Code tuning is an essential part of programming. But most programmers would rather try to complete the project in hand then spend time optimizing a piece of code. A well tuned and optimized code block can speedup your application by an order of magnitude or even more.

Many people confuse profiling with benchmarking. A profiler is a analysis tool that lets you measure the performance of code at runtime. Profiling an application lets you find bottlenecks in your application code. You can find which part of your code is taking most of the time, you can than optimize that part of code. For example if there are 4 functions in your application, profiling may report the following distribution:

function a: 68%
function b: 12%
function c: 1.3%
function d: 18.7%

i.e function ‘a’ accounts for about 70% of the execution time in your application; if you can optimize that function it will boost your application performance considerably. If you had executed the above code on a laptop, and than executed the same on a fast server the code may run in half the time, but the distribution will remain the same. The distribution is what is important in profiling.

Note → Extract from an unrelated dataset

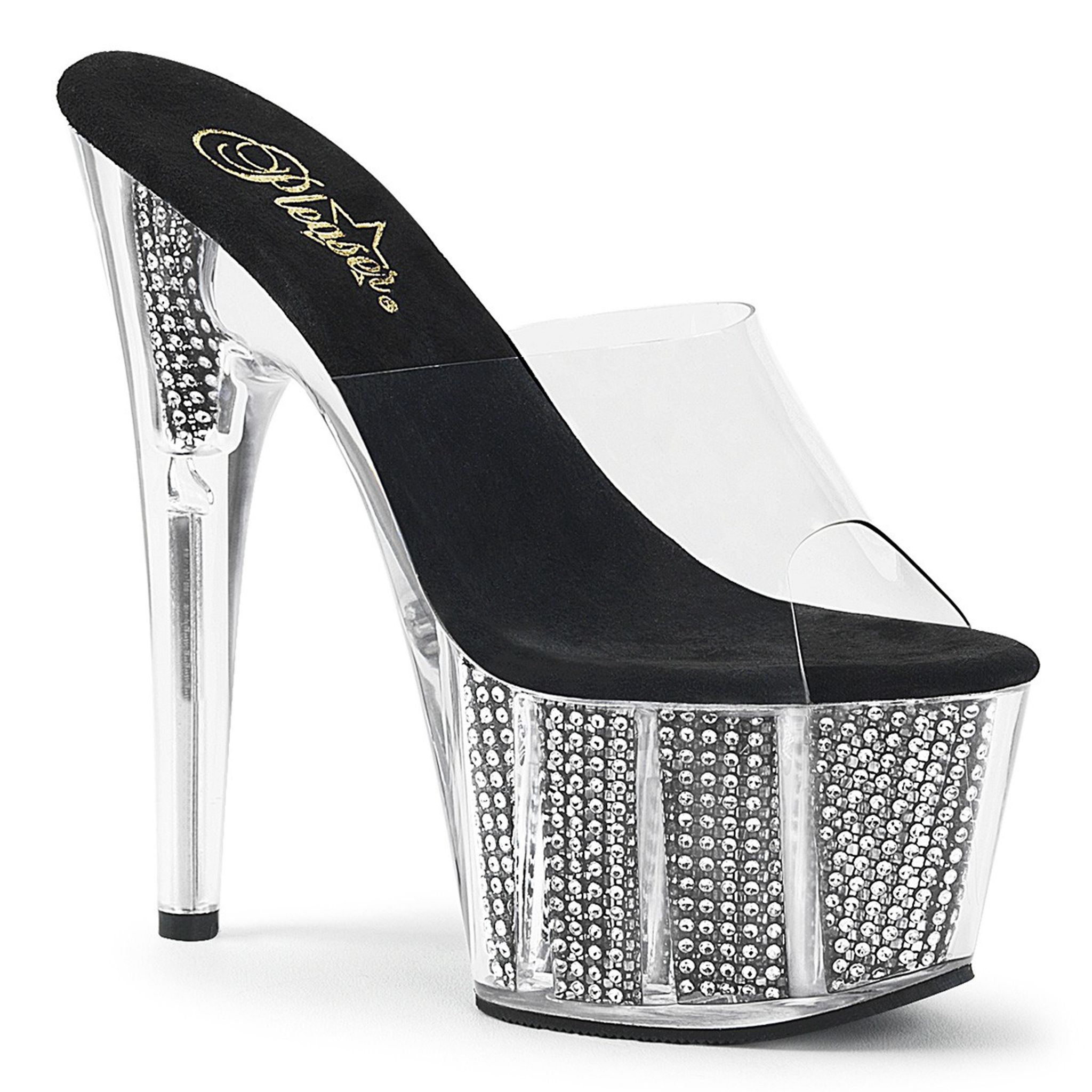 7" (17.8cm) Stiletto Heel, 2 3/4" (7cm) Platform Slide Featuring Chrome Plated, Simulated Rhinestone Filled Bottom

Benchmarking is different. It lets you find exactly how long it takes to execute a piece of code. For example I have developed two versions of a sorting algorithm for a application : Sort1(), and Sort2(). If I’ve to find which is faster than I can use a benchmarking software for the same.

To take a contrived example, I recently implemented a Linked List class in PHP (brushing up on my data structure skills), with all the usual functions a linked-list requires – ‘deleteNode‘, ‘insertFirstNode‘, ‘insertLastNode‘, ‘reverseList‘ etc. I was quite happy with the outcome untill I ran a benchmark between two functions – ‘insertFirstNode‘ and ‘insertLastNode‘. Here is a benchmark report for the two functions for various amount of nodes, in table and graph format. The last column shows by how much the ‘insertLastNode‘ is slower than the ‘insertFirstNode‘ function.

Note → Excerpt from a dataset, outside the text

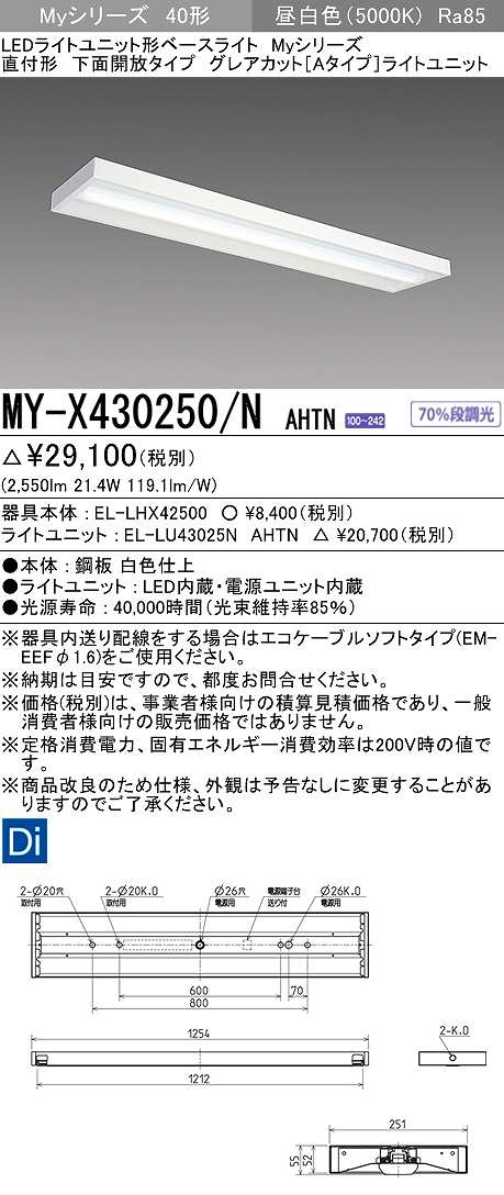三菱 MY-X430250/N AHTN LEDライトユニット形ベースライト 直付形 下面開放 グレアカットタイプ 固定出力 昼白色 受注生産品 [§] [my-x430250-nahtn]

As you can see from the report ‘insertLastNode‘ takes exponential time to insert nodes. For example, when inserting 3000 nodes, ‘insertLastNode‘ is 30 times slower then ‘insertFirstNode‘. The reason for this is that ‘insertLastNode‘ has to traverse the entire list to find the last node before adding a new node, while ‘insertFirstNode‘ always adds a new node at the beginning of the list. The simple solution as all you ‘data structure fans’ know is to add a pointer that points to the last node of the list; so every time you have to add a node to the end of the list you use the end node pointer. After making the necessary changes I ran the benchmark and here are the results.


As you can see now both the functions take an equal amount of time to insert a node. Before the code tuning ‘insertLastNode’ took more than 6 seconds to insert 3000 nodes, while after tuning less than quarter of a second.

The whole point of this exercise is to tell you that code tuning can make a tremendous difference to how your application performs.

You can download the Benchmark pacakage from here or use the pear installer like below:

c:\pear install Benchmark

Using the package:
Using the package for benchmarking is simple enough. A implementation is shown below.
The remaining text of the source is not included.